Indictments against FIFA spark War on Soccer – Chicago Tribune

After decades of appeasement and countless futile attempts to reach an understanding, America finally lashed out at its greatest enemy: soccer.

The U.S. Department of Justice unsealed a 47-count indictment Wednesday morning charging 14 international soccer figures — including some members of FIFA, the sport’s governing body — with “racketeering, wire fraud and money laundering conspiracies, among other offenses, in connection with the defendants’ participation in a 24-year scheme to enrich themselves.”

For those of you keeping score, that’s America 47, Soccer 0. It sounds refreshingly like a real American score, perhaps the result of a football game — American football, that is — in which a mighty team mercilessly and American-ishly squashes its opponent.

It sounds like revenge for all those miserable 0-0 ties parents have had to sit through on Saturday afternoons while wondering where they went wrong in raising a child who — gulp — likes soccer.

While it is the world’s most popular sport, soccer has always trailed others sports in America, usually ranking below football, baseball, basketball, hockey and even auto racing. (That’s right. Most Americans would rather watch cars drive around in circles than watch soccer.)

In a Harris Poll released earlier this year that asked people to identify their favorite sport, soccer was tied at 6 percent with basketball and hockey, but that was an aberration brought on by Americans feeling pressured to pretend they cared about the 2014 World Cup. In other years, soccer has held firm at around 2 percent, tied with swimming, track and field, and “not sure.”

In the garden of U.S. sports, soccer has long been an invasive weed, one that looks enough like a plant that you can’t decide whether to pull it or just leave it alone. With Wednesday’s indictments, it appears America reached into the garage for the weed whacker.

This approach fits with the American mantra: If you can’t beat ’em (and in soccer we most certainly can’t), indict ’em.

A statement released by the Justice Department quotes Attorney General Loretta Lynch saying: “The indictment alleges corruption that is rampant, systemic, and deep-rooted both abroad and here in the United States. It spans at least two generations of soccer officials who, as alleged, have abused their positions of trust to acquire millions of dollars in bribes and kickbacks. And it has profoundly harmed a multitude of victims, from the youth leagues and developing countries that should benefit from the revenue generated by the commercial rights these organizations hold, to the fans at home and throughout the world whose support for the game makes those rights valuable.”

The United States appears to have also enlisted the help of normally neutral Switzerland in this War on Soccer. Hours after arrests began in the U.S. case, Swiss prosecutors announced they are investigating possible corruption behind FIFA’s decision to award the 2018 and 2022 World Cups to Russia and Qatar, respectively.

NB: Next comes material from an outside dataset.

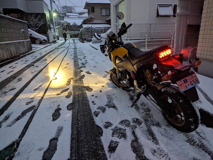 職場到着。雪道ツーキング、楽しかったかと言われるとやや複雑‥。ノーマルタイヤの自動車がアイスバーンの上を相当数走っていて、走るのも停まるのもヨレヨレと斜めになったりしてこちらが相当怖い思いをしました。雪がある程度積もっている方がグリップが良いので路肩の方が道路の真ん中よりもかなり走りやすい、けれど道が狭い。山の雪道走行は自分で好き勝手走れるのに、街なかは制約が多すぎて楽しいというよりはハラハラすることばかり。
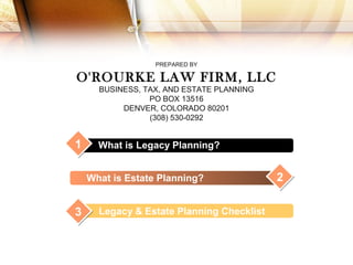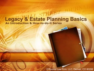 This document provides an introduction to legacy and estate planning. It defines legacy planning as planning for the transfer of assets and values between generations. Estate planning is defined as planning for the management and transfer of one's estate during their lifetime and after death. The document includes a checklist of common elements of legacy and estate planning, such as writing a will, assigning heirs and beneficiaries, establishing trusts, and considering long-term care needs and charitable giving. It aims to educate people on the basics of estate planning and its importance.

Clearly the goal here is to rid the world of soccer and replace it with more uniquely American sports like football, beer pong or shooting guns at things.

As Kelly Currie, acting U.S. attorney of the Eastern District of New York, said in the Justice Department’s statement: “Today’s announcement should send a message that enough is enough.”

Indeed. Enough of this sport that has for so long flummoxed Americans and made them feel inferior to people who have intriguing accents and use terms like “toe punch” and “pitch” and “sweeper.”

Enough of letting foreigners tell us we can’t use our hands or violently tackle defenseless people.

FIFA will likely recognize the only way to get out from under these indictments and make peace with the Ameri-Swiss Soccer Evisceration Task Force is to alter the game so it appeals to an American audience. These are the primary requirements:

1) Stop calling it football. We don’t care if you came up with that word first, it describes our favorite game and you need to knock it off.

2) Rebrand the sport as “Diesel-Powered Gun Ball, sponsored by Bud Light.” Players will take the field — don’t you dare call it a pitch! — riding two-wheeled, Segway-like vehicles that awesomely belch black exhaust. Each player will be armed with an automatic weapon. The object is to charge the opposing team’s goal and shoot a midsized mammal that is trapped in the net. Whoever shoots the most midsized mammals wins. Ties are strictly forbidden.

3) Continue the tradition of rioting and general hooliganism, as those behaviors fit fine with American sports culture.

4) Never mention that America got help from Switzerland. That could damage our street cred.

It’s good to see the United States finally defeating the sport that routinely bored us into watching golf, a sport whose name we shall never speak again.

It’s also nice to know that no country will ever beat us at Diesel-Powered Gun Ball, sponsored by Bud Light. That’s a nuanced game only an American can master.